I first came upon The Art of the Rural during one of those late-night strings of Google searches, the kind college students can spend hours on as they dream of Real Life After College. I scrolled through pieces addressing new approaches to rural issues, the bolstering of small communities, and respectful portraits of people still holding onto knowledge given to them by those before. While each piece was beautifully concise and attentive, equally complete was the overall collection of vivid, honest accounts of rural life.
My father has taken his time with fixing up our old house, and hasn’t painted for two decades. Instead, he does thumbnail sketches with any old ballpoint pen, miniature outbursts that play with light and shade, shape and angle. I’ll find them on napkins, in newspaper margins, on the backs of unopened bank statements. He calls them his sketches, saying that in an ideal world, they’re full-sized paintings. He likes to imagine, he says, what happens to the rhythm of an image when you alter the perimeter; certain contexts have smoother or slower rhythms than others. His thumbnail sketches are thoughts and themes translated into measurement, stretched or pushed into a new frame: studies in reconsideration.

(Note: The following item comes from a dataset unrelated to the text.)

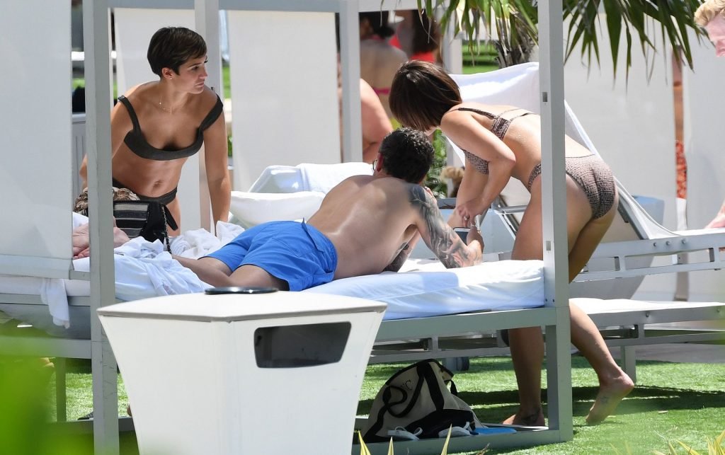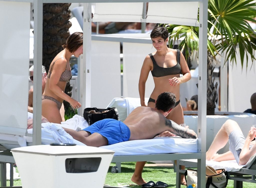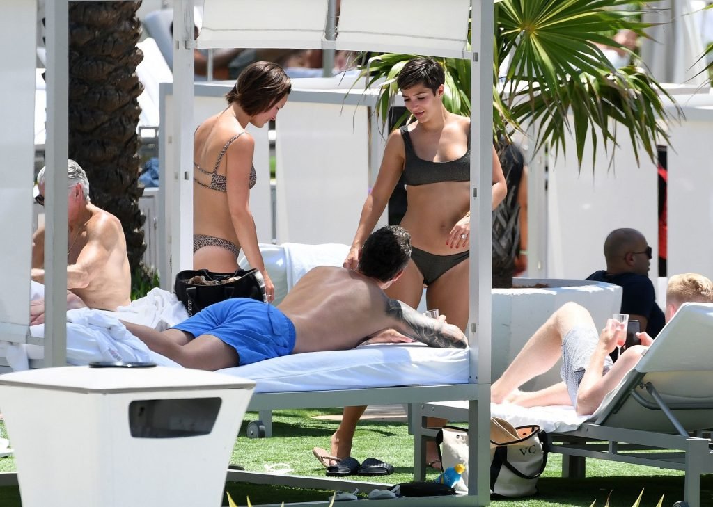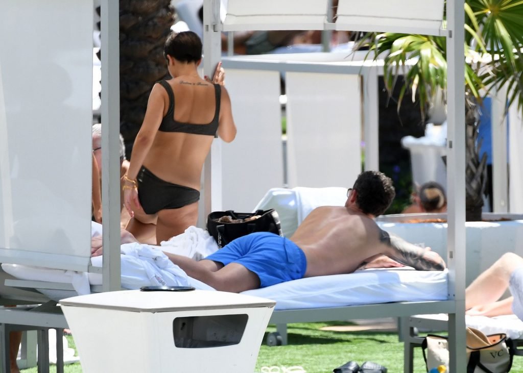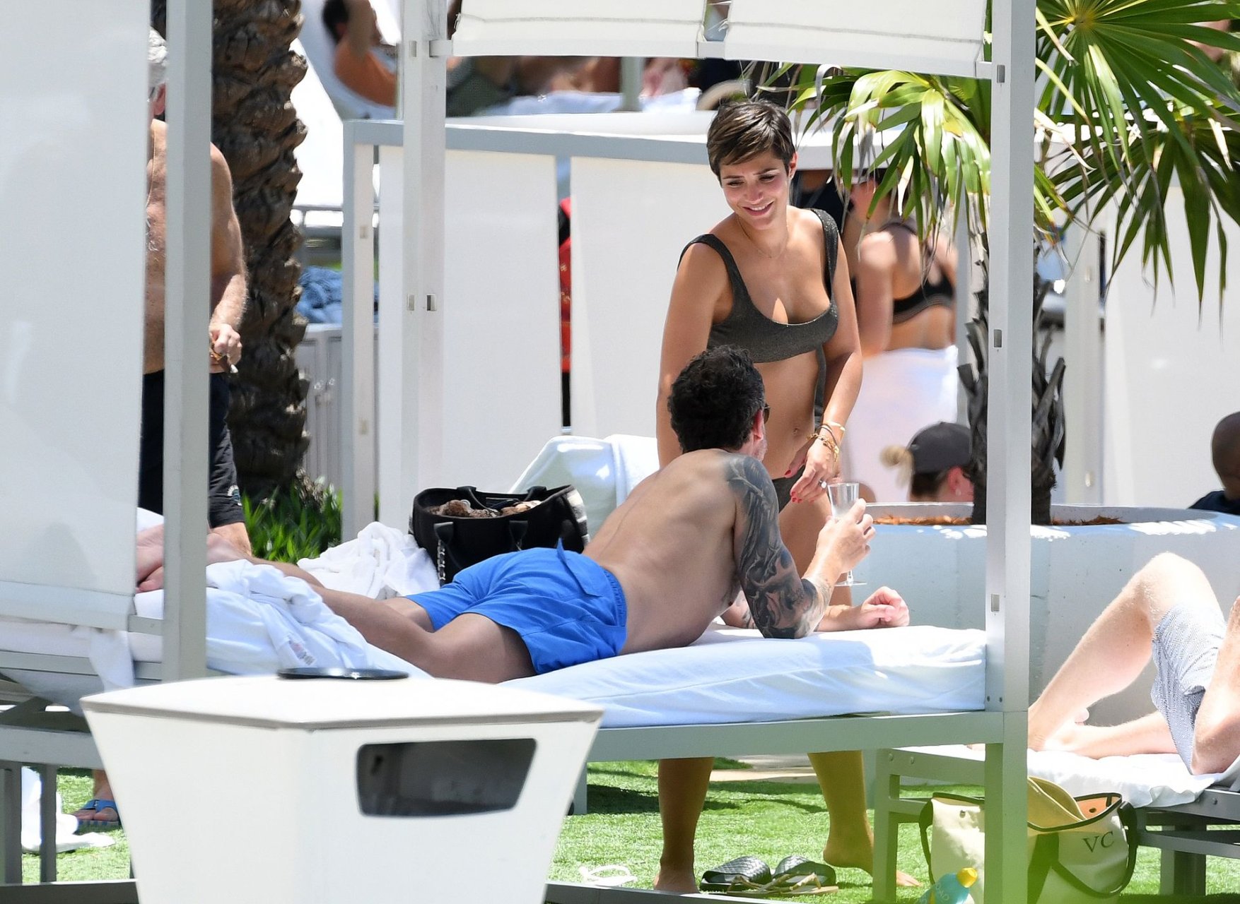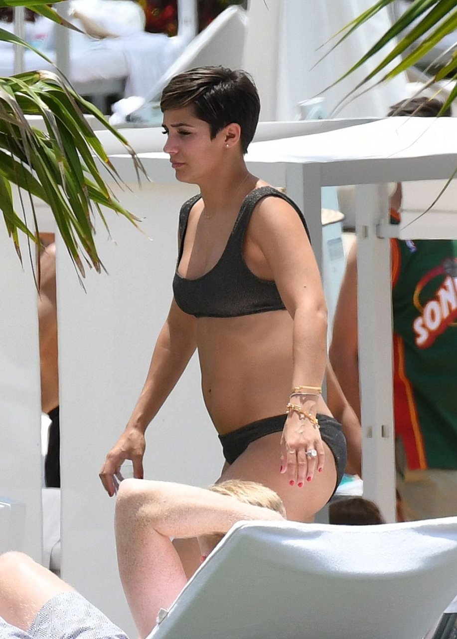 Cantante y presentadora de televisión Frankie Bridge, junto con su esposo futbolista Wayne Bridge, celebra su 30 cumpleaños en bikini junto a la piscina en Miami, 17/05/2019.

Study is from the Latin studium, meaning “application,” and, originally, “eagerness.” This is of studere, “to be diligent” and “to be pressing forward,” of Proto-Indo-European, *(s)teu-, “to push, stick, knock, beat.” The noun form for “application of the mind to the acquisition of knowledge” is from 1300.
My father’s splashing of concept onto paper, and his pushing and pulling of parameters, is what passion is, what a life is for. As I sit on the sofa and try to take in my singing experiences, I know that while their meanings are ambiguous – whether they’re good, or bad, and why – I have to put them into whatever roughly coherent form I can. My installments with The Art of Rural will be my attempt to push these themes around, stick them into different contexts, knock and beat them until they’re good and worn in, proven that they’re the stuff I can put my trust in.